For starters I'm not Suze, so I hope you don't mind my initially answering and I'm sure if Suze has a different outlook she will so post.

Ruth, there is absolutely no way to speculate as to how many tomatoes might have been X pollinated or indeed the number of seeds within those tomatoes that are X pollinated.

Let's say we have a tomato ovary that has 200 ovules in it. And lets say that 199 of those are fertilized by self pollenization leaving just one ovule to be potentially X pollinated.

That's at the low extreme.

But it could also happen that of those 200 ovules, 100 are fertilized by self pollenization and 100 are X pollinated.

I've saved seeds from some varieties where I never even knew they were X pollinated , b'c the level was so low, until many many folks had grown out some of those seeds.

Let's say I process 10 fruits for seed and each fruit has 200 ovules in it. So the theoretical potential is 10 X 200 or 2000 seeds. Now lets say that 1-2 ovules in ONE fruit were Cross pollinated, and that means that theoretically about 1998-99 of those 2000 seeds are pure and 1-2 aren't.

It would take a long time of sending out those seeds to others before anyone would pick up on those 2 X pollinated seeds.
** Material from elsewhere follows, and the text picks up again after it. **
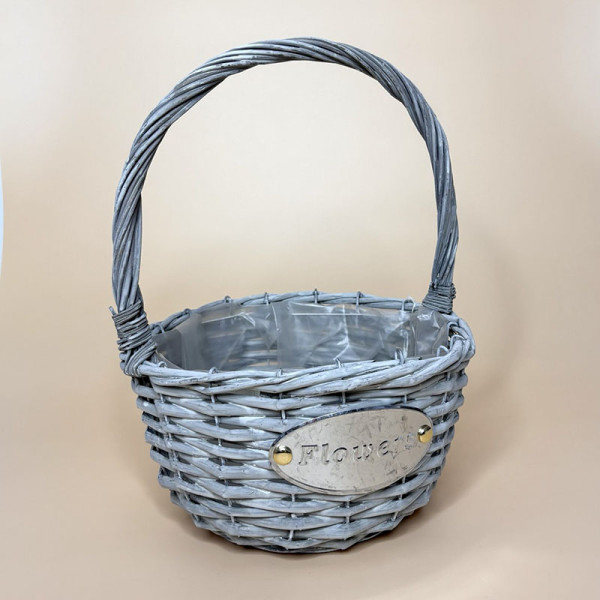 Кошик плетений " Flower" круглий сірий з ручкою та вкладкою

Say you have a variety that has pollen that clumps easily following high humidity or rain, and so self pollenization doesn't go the way it should, and so many ovules remain unfertilized. And lets say that nearby there's a variety that doesn't have pollen that clumps easily and so insect pollinators transfer the pollen and you end up with almost ALL X pollinated seeds.

Let's say that variety X does not normally have an exherted stigma, but it's known that weather can cause stigma's to exhert. In that case, again, insect pollinators could X pollinate that exherted stigma and it's possible that almost ALL the seeds in that fruit would be X pollinated.
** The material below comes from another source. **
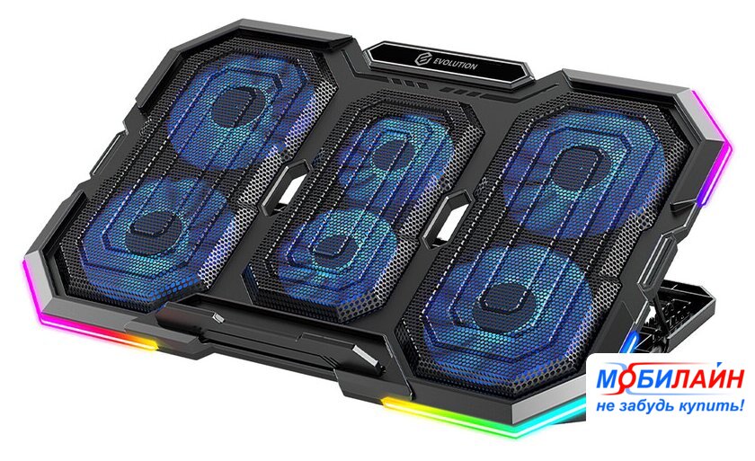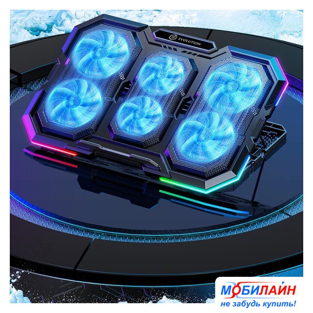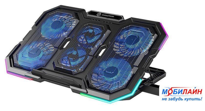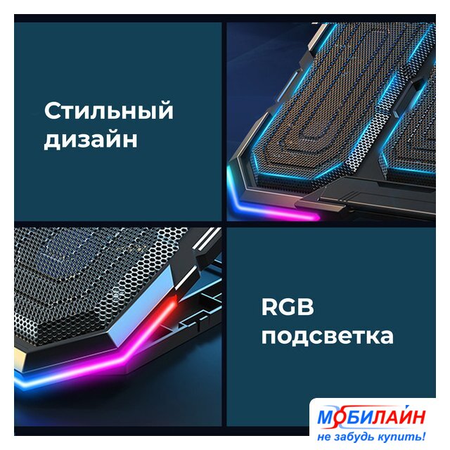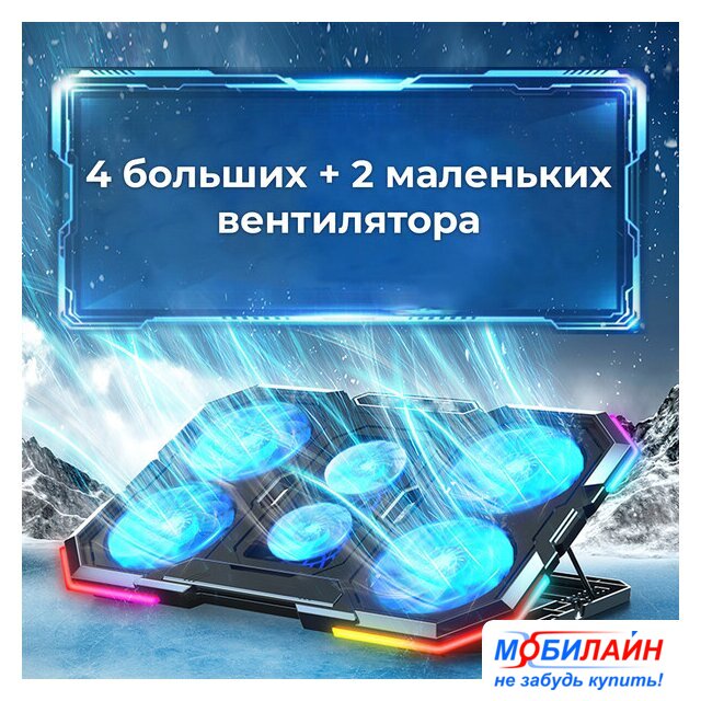 для ноутбука/для смартфона до 15.6", активное охлаждение, шум 25.5 дБ, регулируемый наклон, подсветка, 1xUSB

My comments are obviously directed at situations where no attempt has been made to prevent X pollination.

So it's a complicated situation, as you can see, and it is impossible to predict.

But I would say under most circumstances it would be rare to have both kinds of seeds in one fruit, since self pollenization is usually quite effective.

However NCP ( natural X pollination) data has shown that the figures can range for 0 up to maybe 40% X pollination.

But that's referring to the percentage of VARIETIES having that level of X pollination.

So with 95% self pollenization it means that statistically 95 varieties out of 100 will have pure seed.

Does that help, or hinder?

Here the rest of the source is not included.